The cluster analysis of this test obtained 7 subsets from lung tumor sample in a total of 20925 cells, these include B cells, Epithelial cells, Fibroblasts, Mononuclear Phagocytes (MPs), Mast cells, Neutrophils, T and NK cells, at the same time, the proportion of Epithelial cells, MPs and Fibroblasts decreased in LC_A sample compared with LC_B sample, while the proportion of Neutrophils, T and NK cells and B cells was higher. It was found that two subtypes with expression of heat map of top 10 differential genes, including Alveolar Type II (AT2), cancer cells were obtained with a total of 6929 cells, the proportion of cancer cells in LC_A sample decreased while the proportion of AT2 cells increased. Also analysis of cancer cell CNV score: LC_A sample has a lower CNV score, which indicates that compared with LC_B sample, the malignant degree of LC_A samples is low, while analysis of tumor heterogeneity in cancer cell compared with LC_B, the score of LC_A sample is lower, and the data show that the malignant degree of LC_A samples was low compared with LC_B sample the gene difference analysis of cancer cell showed that LC_B sample was higher than LC_A sample S100A11, S100A8 and S100A9 are highly express.

Single-cell transcriptome profile of lung sample after lung cancer treatment

We performed scRNA-seq for samples of lung cancer before and after lung tumor treated of HELC. According to the scRNA-seq experimental design, the viable single cells was gotten from fresh tissue samples.

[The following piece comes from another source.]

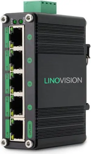 LINOVISION Industrial 5 Ports Gigabit Solar POE Switch with DC9V-54V to DC48V Voltage Booster,4 x IEEE802.3af/at 30W POE Ports @120W, IP40, Compact POE Power for Solar Power/RV Truck/VoIP Systems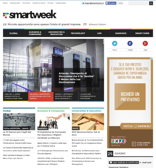 Nato dall’idea di un gruppo di ragazzi motivati nel ritagliarsi un posto nel panorama editoriale italiano, Smartweek si ispira ai modelli internazionali quali Inc.com e Business Insider e punta i riflettori sui temi dell’innovazione tecnologica e del business.

Landscape of global transcriptome characteristics of lung tumor samples before and after lung major cancer treated with cytotoxic drug plus hapten

After standard data preprocessing and quality control, we obtained 20925 cells’ RNA transcription profiles. By normalizing gene expression profiles, principal component analysis, and graph-based clustering methods, 7 cell populations was identified. Using canonical cell-type markers, we annotated the obtained cell populations into three major categories: B cells, Epithelial cells, Fibroblasts, Mononuclear Phagocytes, Mast cells, Neutrophils, T and NK cells. Single cell scRNA-sq was performed on two samples of lung cancer before and after lung tumor treatment of HELC, and a total of 7 cells populations were obtained by dimensionality reduction clustering. The cell types were annotated according to the top 10 marker gene of each cell. Tumor Copy Number Variation analysis (CNV) showed obvious copy number variation in epithelial cells with Conducted CNV analysis with reference to T and NK cell, such as increased number of insertions on chromosome, and large number of fragment deletions on chromosome. Therefore, epithelial cells were identified as malignant cells in sample of LC_B, and AT2 cells appears excepted epithelial cells in sample of LC_A. The score of lung cancer cell malignancy showed that the cell malignancy was relatively low after treatment (Figures 1A-1D).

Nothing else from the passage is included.